** Opening Records supplied block **

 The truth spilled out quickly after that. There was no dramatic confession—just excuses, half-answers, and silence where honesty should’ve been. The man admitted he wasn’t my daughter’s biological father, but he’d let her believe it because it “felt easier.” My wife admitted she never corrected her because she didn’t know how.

** Closing Records supplied block **
** Opening Records supplied block **

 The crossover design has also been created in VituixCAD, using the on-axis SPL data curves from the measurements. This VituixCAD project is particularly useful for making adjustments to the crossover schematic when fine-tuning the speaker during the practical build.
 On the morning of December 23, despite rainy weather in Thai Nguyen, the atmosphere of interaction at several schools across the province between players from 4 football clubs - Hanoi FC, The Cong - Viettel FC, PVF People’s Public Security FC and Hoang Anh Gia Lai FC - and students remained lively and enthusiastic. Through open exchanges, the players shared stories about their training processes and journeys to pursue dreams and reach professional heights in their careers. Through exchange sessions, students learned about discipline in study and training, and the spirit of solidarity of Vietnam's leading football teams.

** Closing Records supplied block **

**What to do:** Find the word "been" in the listing above. Copy each line where it appears.

**Answer to the problem:**
 The truth spilled out quickly after that. There was no dramatic confession—just excuses, half-answers, and silence where honesty should’ve been. The man admitted he wasn’t my daughter’s biological father, but he’d let her believe it because it “felt easier.” My wife admitted she never corrected her because she didn’t know how.
 The crossover design has also been created in VituixCAD, using the on-axis SPL data curves from the measurements. This VituixCAD project is particularly useful for making adjustments to the crossover schematic when fine-tuning the speaker during the practical build.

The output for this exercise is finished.